LONDON, November 24 ------ AstraZeneca said on Monday its COVID-19 vaccine was 70% effective in pivotal trials and could be up to 90% effective, giving the world’s fight against the global pandemic a third new weapon that can be cheaper to make, easier to distribute and faster to scale-up than rivals. The British drugmaker said it will have as many as 200 million doses by the end of 2020, around four times as many as U.S. competitor Pfizer Inc. Seven hundred million doses could be ready globally as soon as the end of the first quarter of 2021.
“This means we have a vaccine for the world,” said Andrew Pollard, director of the Oxford University vaccine group that developed the drug. The vaccine on average prevented 70% of COVID-19 cases in late-stage trials in Britain and Brazil. The success rate rose to 90% in a group of trial participants who accidentally received a half dose followed by a full dose.

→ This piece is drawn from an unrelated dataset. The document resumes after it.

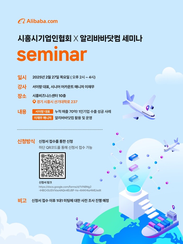 시흥시 기업인협회가 2월 27일 오후 2시 시흥비즈니스센터 10층에서 ‘기업 교류 활성 세미나’를 개최한다. 이번 행사는 중국 알리바바 그룹의 기업 간 전자상거래(B2B) 플랫폼인 ‘알리바바 닷컴’과 협력해 진행되며, 수출 확장을 목표로 하는 기업인과 경영진을 대상으로 글로벌 비즈니스 전략과 운영 기술을 공유할 예정이다.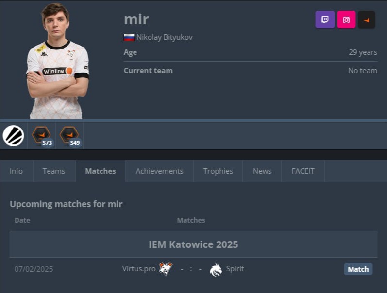 Место FL4MUS предположительно займет Николай mir Битюков. Во вкладке матчей на его HLTV-странице уже появился соответствующий матч.

The efficacy was 62% if the full dose was given twice, as it was for most study participants.
No serious safety events were confirmed, the company said, although little safety data was provided. AstraZeneca’s shares fell nearly 4%, as investors perceived the efficacy data as less impressive than rival vaccines and may take longer to get U.S regulatory approval. Pfizer and Moderna, which reported that their vaccines were about 95% effective in preventing illness, had set the success bar sky-high. The AstraZeneca vaccine does have advantages.
Its cost to governments works out at just a few dollars a shot, a fraction of the price of the Pfizer and Moderna vaccines using a new, more complex technology. It can also be transported and stored at normal fridge temperatures, which proponents say would make it easier to distribute – especially in poor countries – than Pfizer’s, which needs to be shipped and stored at -70C. The 90% efficacy finding was a happy accident, AstraZeneca admitted, noting that it resulted from a dosing error during the trials. The half dose-first regimen will enable the company to seek approval based on far higher effectiveness than 62%, which was still enough for a regulatory nod based on prior discussions. AstraZeneca Chief Executive Pascal Soriot said the smaller initial dose means limited supplies could stretch even further to vaccinate more people.